It was a relatively muted week on global markets following the flurry of excitement around the Fed’s taper intentions over the previous week. All up, the story remains that equities continue to grind higher, helped by still solid growth in earnings and broadly steady interest rates. The major highlight again came on Friday with a much weaker than expected U.S. payrolls report, which appeared to reflect both a delta-related slowdown in employment demand and lingering employment supply bottlenecks. Either way, the upshot is the new dose of economic uncertainty likely killed off any chance of the Fed formally announcing taper plans at the September policy meeting, which should further lessen the risk of any untoward rise in bond yields any time soon.
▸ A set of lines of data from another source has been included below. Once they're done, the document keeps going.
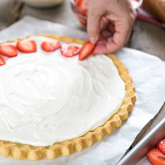 2. Add the cream to the center of the cookie. Using an offset spatula, evenly spread it to the inside of the crimped edge. Arrange the strawberries on top of the cream.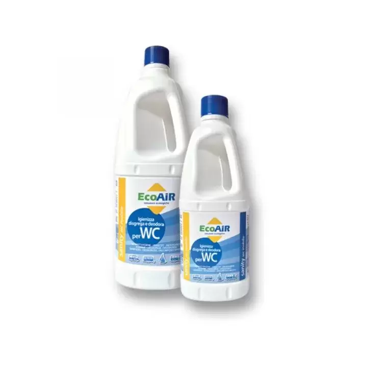 Liquide écologique pour l'hygiène des eaux usées des WC chimiques des camping-cars, caravanes, bateaux, bus, avions et de toutes les installations sanitaires non directement raccordées au réseau d'assainissement.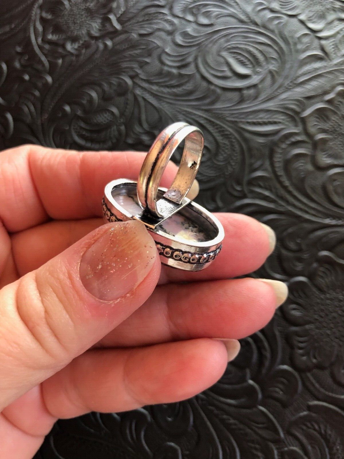 Artisan Southwest Peruvian Pink Opal Strawberry Oval Ring Droplet Bezel Size 7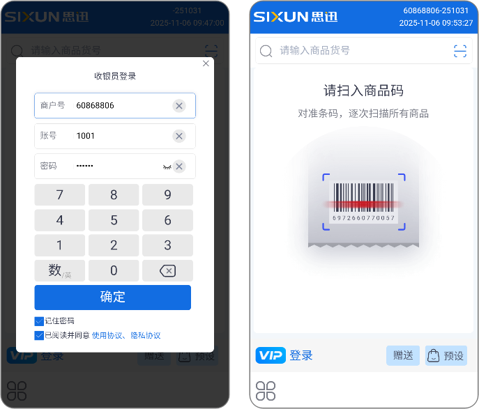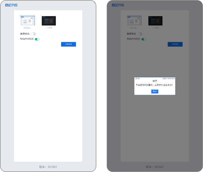 首次登录,需要勾选 移动POS模式 并且重新登录软件;进行手机收银APP 端操作。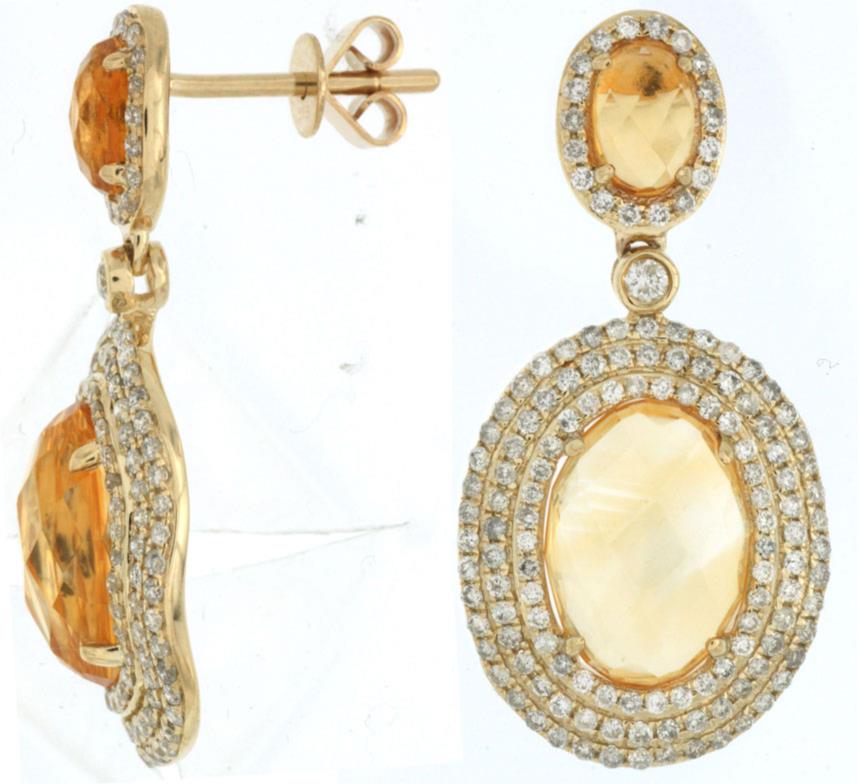 LARGE 7.05CT DIAMOND & AAA CITRINE 14K YELLOW GOLD OVAL & ROUND HANGING EARRINGS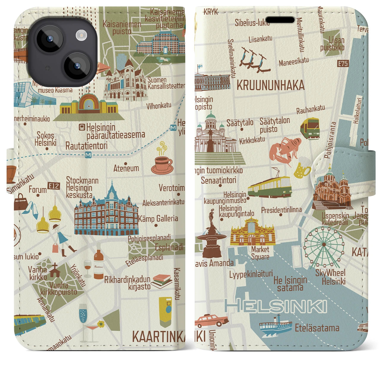 【ヘルシンキ(イラスト)】イラストマップiPhoneケース(手帳タイプ)ブライト・iPhone 15 Plus 用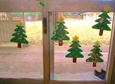 まず、紙のツリーにシールをたくさんぺたぺた貼りました。窓にたくさんのかわいらしいツリーが飾られました!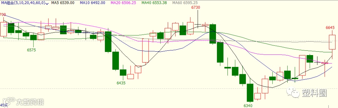 PVC2001合约开盘6565元/吨,最高6645元/吨,最低6525元/吨,收盘报6625元/吨,较上一交易涨140元/吨,涨幅2.16%,成交量增加至358686手,持仓量增加25850手至349300手。V2001期货高开后继续上行,收盘价格在年线上方,多头增仓明显,大幅放量增仓收上下影大阳线。技术面来看,MACD红柱增长,KDJ技术指标开口继续向上发散。从60分钟线来看,MACD红柱出现,DIFF向上穿过DEA,KDJ技术指标开口继续向上发散。短期下方测试6450附近支撑,上方测试6750附近压力,参与者区间交易,空单注意平仓时机。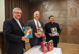 (A képen Veres András, a Magyar Katolikus Püspöki Konferencia (MKPK) elnöke, Semjén Zsolt miniszterelnök-helyettes, valamint Tóth Tamás, az MKPK titkára a Szent István Társulat kiadásában megjelent tankönyvsorozat eddig megjelent köteteivel.)

Also of note last week was an encouraging bounce back in Asia/emerging market themes, helped by signs that the region could be getting past the worst of the latest COVID outbreak. The resignation of embattled Japanese Prime Minister Yoshihide Suga clearly helped, which has increased talk of new Japanese stimulus and/or a better COVID response. Chinese August service sector data was also weak, reflecting delta-related restrictions – which in turn has increased talk that China might relent on recent policy tightening.
In an otherwise data-light week, one focus will be what the usual parade of Fed speakers think about tapering in light of last week’s payrolls miss. The European Central Bank’s Thursday meeting might also attract more than usual scrutiny given recent murmuring from some officials suggesting it should also start to think about tapering bond purchases. U.S. producers prices on Friday will also be of interest given the simmering concerns over inflation. All up, however, I don’t expect any of these events to be especially worrisome for markets – with bigger hopeful news being signs of a global cresting in the delta COVID wave.
Australia got a rare bit of good news last week with a better than feared Q2 GDP result. As I suspected, given strength in several partial indicators, GDP growth was positive, at 0.7%. Of course, Q3 GDP will be deeply in the red and we still can’t be confident Q4 won’t be negative also until we see more clarity around a post-vaccine easing of restrictions. Either way, the equity market continues, admirably, to look through the mayhem, helped by a still solid global equity outlook and very poor alternative investment choices!
The confluence of events last week – solid local data, weak U.S. data and an improved Asian outlook (as reflected in strong iron-ore prices) helped boost the beaten-down $A – at least for now.
The focus this week will be on whether the RBA delays its planned tapering of bond purchases at Tuesday’s policy meeting. For the record, I think it will delay, not that I think the decision will affect the economy or markets too much either way. Given heightened economic uncertainty, however, it’s just hard to see the RBA blithely proceeding on with a planned policy tightening – though it always retains the capacity to surprise!
We’ll also learn more about the resilience of business sentiment with the National Australia Bank August business survey on Thursday. It’s hard to imagine an especially strong result, though the fact that smaller states outside of New South Wales and Victoria are not in lockdown (much less living in caves) should help at the margin.